Helen

Helen's namesake was the most beautiful woman in the world and her abduction by Paris was thought to have started the Trojan War.

Sayre is Helen's third owner. She was purchased by a family to be bred with a male chinchilla, but her first two owners did not understand chinchilla breeding.  Helen was kept in a very small cage for her first two years of life, and she was never played with.  Helen was terrified to be at Sayre in the beginning, but now she loves her raisins (featured in the photo) and the love of students.  Helen is now 14 years old, and she is the only animal that gets to go with us on fire drills.  

Habitat

Wild chinchillas were found in the Andes Mountains in Peru, Chile, Argentina and Bolivia, but have been hunted to near extinction.  Although the pelt trade no longer traps wild chinchillas, these small populations are now threatened by habitat destruction. In their native habitat, chinchillas live in burrows and are agile jumpers; therefore, captive chinchillas require a tremendous amount of vertical space. 

In this large enclosure should be:
1. a covered dust bath.
2.  many wooden chew toys.
3.  several covered hide boxes.
4.  paper based bedding.
5.  a cloth hammock.
6.  a covered exercise wheel.

Chinchillas require lower temperatures because they can over-heat easily.  Be sure to keep your pet's cage in a draft free location that remains 60-70 degrees.  You cannot litter box train chinchillas, so their feces must be removed on a regular basis.

Diet

Chinchillas are vegetarians; they should be fed a high quality chinchilla pellet and alfalfa hay.  Place the pellets in a suspended dish and the hay in an external hay dispenser as chinchillas often tip over their food. Treat your chinchilla with greens or dried unsweetened banana chips.  Provide a water bottle.

Life Expectancy

Chinchillas can live 8-15 years, with the oldest reported chinchilla being 27 years old.

Health Concerns

1. Malocclusion.  Your chinchilla's teeth should be dark yellow, flat, and short.  If chewed pellets fall from the mouth, slobbering, or your chinchilla has bad breath visit your vet for suggestions

2.  Constipation or diarrhea.  Feces should be large, firm, and odorless.  If your chinchilla is not creating normal feces regularly, feed more hay, pellets, and water.  Reduce the number of treats until your pets feces return to normal.  If the situation does not improve quickly see your vet immediately.

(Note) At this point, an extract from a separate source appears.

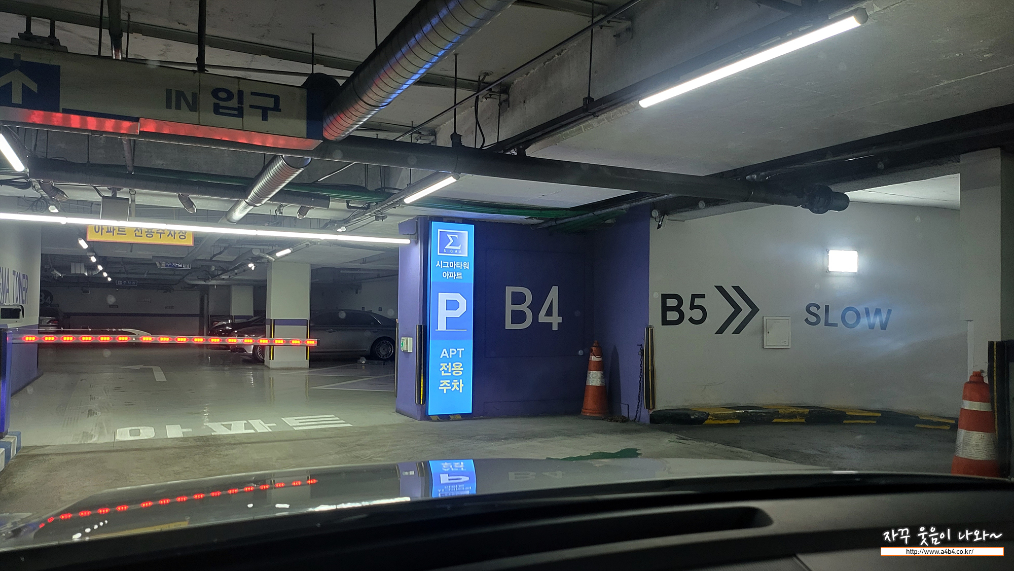 그 좁고 위험한 주차장을 내려가면서 가장 짜증나는 부분 중 하나였는데요. 이 험난한 코너를 지하 5층까지 돌아돌아 내려가야 합니다. 4층까지는 시그마타워 아파트 전용 주차장이고 지하 5층부터 상업용 건물 주차장으로 되어 있네요. 보통은 각 층에 주거공간과 상업공간이 분리되어 운영되는데, 주차장 난이도도 높고. 재방문 의사 없어졌네요.
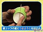 コップの中に大きな声を出し続けると、 プロペラが回転します。

3.  Seizures and cramps.  Trembling, contortion and or lack of movement can be caused by lack of calcium, vitamin B, stress, head injuries, or genetic influences.  If your pet has a seizure, prevent the animal from hurting itself, and see a vet immediately.

4.  Fur Biting. Chinchillas will chew the fur on their tales or hind legs when they are stressed.  Provide more chew toys, rearrange the cage, and or get an exercise wheel.  See your vet if the condition does not improve.

References

Nutrition.  Chin Care.  26 April 2009.

Chinchillas . Animal World: Pet and Animal Information. 26 April 2009.